ジャコメッティ展

ジャコメッティのアトリエ

スタンパのアトリエ

ジャコメッティの故郷は、スイス南東部、イタリア国境に近いアルプスの山間にあるスタンパという小村です。メラ川のほとりに建つ家々を取り囲むなだらかな斜面には、羊や馬が草を食むのどかな風景が今も広がっています。斜面を少し上ると、大きな岩がごろごろと転がっていて、その中に、巨岩が重なってできた小さな洞窟がありました。幼いジャコメッティはこの石に魅了され、身をかがめて内部の空洞に入り込み、この上ない喜びを感じていたといいます。また、斜面のさらに上方には、まっすぐに伸びる細い幹の樹々が林立していました。子どものときに見たこの「石と樹」は、原風景としてジャコメッティの記憶の中に留まり続け、のちに制作した彫刻作品のいくつかにも、それは宿っています。また、スタンパの村から上空を見上げると、彼方にアルプスの山々がくっきりと浮かびあがりますが、ジャコメッティはその峰を描いたデッサンも残しました。

ジャコメッティの父ジョヴァンニは、生前からスイスで高く評価された画家でした。スタンパの家に隣接する納屋を改造した小さなアトリエには、ベッドやテーブルといった慎ましい家具と、吊りランプが設えられていました。この場所で制作する父の傍らで、少年ジャコメッティは身近なもののデッサンから始め、やがて絵画や彫刻を制作するようになります。故郷を離れて、パリで暮らすようになってからも、ジャコメッティは、母アネッタの暮らすこの村に頻繁に帰省し、父の死後も残されたアトリエで、写生による制作に没頭していました。

スイスの小村スタンパ (2016年撮影)

ジャコメッティのアトリエ、スタンパ (2016年撮影)

パリのアトリエ

ジャコメッティは、1926年、弟のディエゴとともに、モンパルナスのイポリット=マンドロン通り46番地のアトリエを借ります。その後、アネットと暮らすようになっても、金銭的に余裕ができても、生涯この場所を離れることはありませんでした。建物の門を入ると細い通路があり、右側は鋳物職人をしていたディエゴのアトリエ、向かいがジャコメッティのアトリエ、その隣の一室が居間と寝室を兼ねた部屋でした。ジャコメッティの気さくな人柄もあってか、訪問客は後を絶たなかったようです。そして彼らはみな、類まれな作品の数々が生み出されたアトリエの簡素さに驚き、子細に言葉を紡いでいます。

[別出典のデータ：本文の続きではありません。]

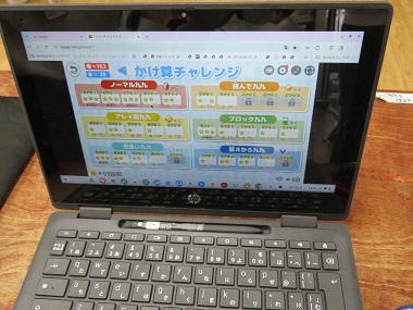 児童用端末でナビマの九九のところを学習しています。九九は覚えてきていますか?
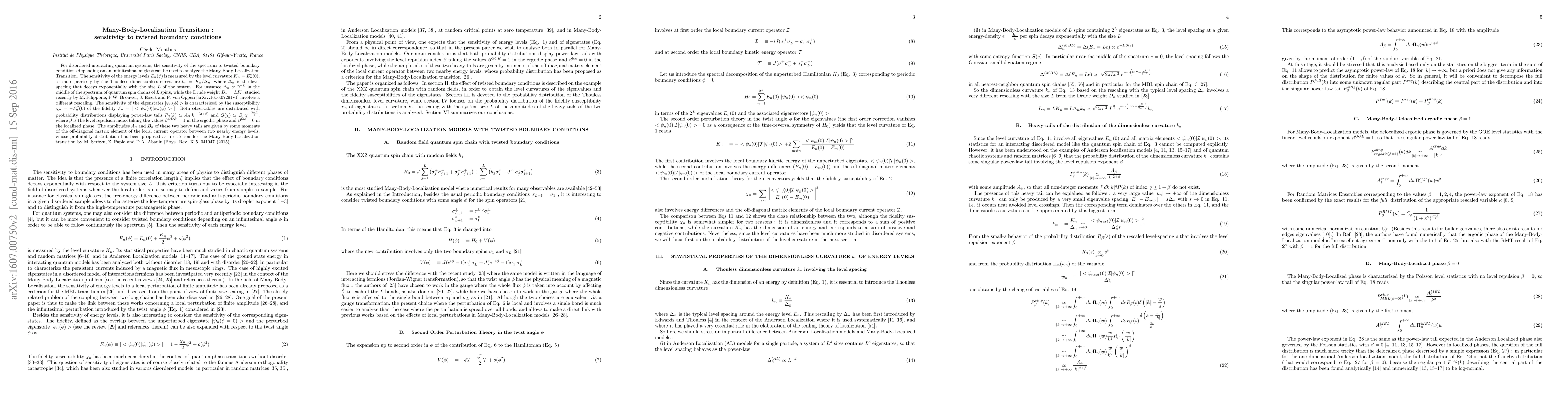 This paper examines the Many-Body-Localization (MBL) transition in disordered quantum systems through the sensitivity of energy levels to twisted boundary conditions. It uses level curvature and Thouless curvature to analyze the spectrum's sensitivity, finding that power-law distributions characterize the transition, with different exponents in the ergodic and localized phases.

美術批評家のピエール・シュネデールは「14区の奥、狭い通路にしか見えない中庭に面した、極めて小さい、埃だらけの、壊れかかったアトリエ」と形容し、ここでポーズをとった矢内原伊作は「アトリエといっても採光などは全然考慮されていない物置のような小さな部屋」と回想しています。また、作家のジャン・ジュネは、「このアトリエと部屋以外に、住まいを持つことはないだろう」という彫刻家の言葉を伝えていますが、写真家ブラッサイも、「手の届くところにひとくれの粘土があり、3、4枚の画布と画用紙があれば、彼の幸福には十分」ということを見抜いていました。ジャコメッティは、昼過ぎに近所のカフェで遅めの朝食を取り、午後いっぱい、時には深夜までアトリエで仕事をした後、再び夕食のために出かけ、友人たちと議論を交わすという生活をくる日もくる日も送っていました。モデルが帰った後、記憶を頼りに夜通し仕事を続けることも少なくなかったようです。ブラッサイは、この彫刻家の死に際して綴った短いテキストを、こんな言葉で締めくくっています。「奥には15年来、あの同じむき出しの裸電球がある。恐らくはこの界隈の家々で、ふだんは夜明けにならないと消えない、たったひとつの明かりが…」。

ジャコメッティが暮らしたパリ・モンパルナス界隈

  1. ルーヴル美術館
    古代彫刻や西洋絵画を見るために、ジャコメッティはルーヴル美術館をよく訪れ、ときに模写も試みた。
  2. マーグ画廊
    1945年創業の画廊。ジャコメッティのほかに、シャガールやブラック、ミロ、レジェらの作品も扱った。
  3. カフェ・ド・フロール
    アンドレ・ブルトンをはじめとしたシュルレアリスムの作家たちが集ったカフェ。ジャコメッティも常連だった。
  4. シェ・リップ
    ジャコメッティ夫妻と矢内原伊作、シャンソン歌手の石井好子がそろって食事をしたレストラン。
  5. ラ・クーポール
    1927年に誕生した、アール・デコ装飾の内装が特徴的なカフェ。ジャコメッティをはじめ、ピカソやダリら芸術家たちの集まる場所となり、サルトルも足繁く通った。
  6. アカデミー・ド・ラ・グランド・ショミエール
    ジャコメッティが20代の前半に通った私立の美術学校。
  7. カフェ・デュ・ドーム
    矢内原はここでコーヒーを飲んでから、ポーズをとりにジャコメッティのアトリエに通ったという。
  8. アダム
    モンパルナスの老舗画材店。ジャコメッティはこの店で彫刻の材料を調達していた。
  9. ジャコメッティのアトリエ
    ジャコメッティが1926年以降暮らしたイポリット=マンドロン通り46番地のアトリエ。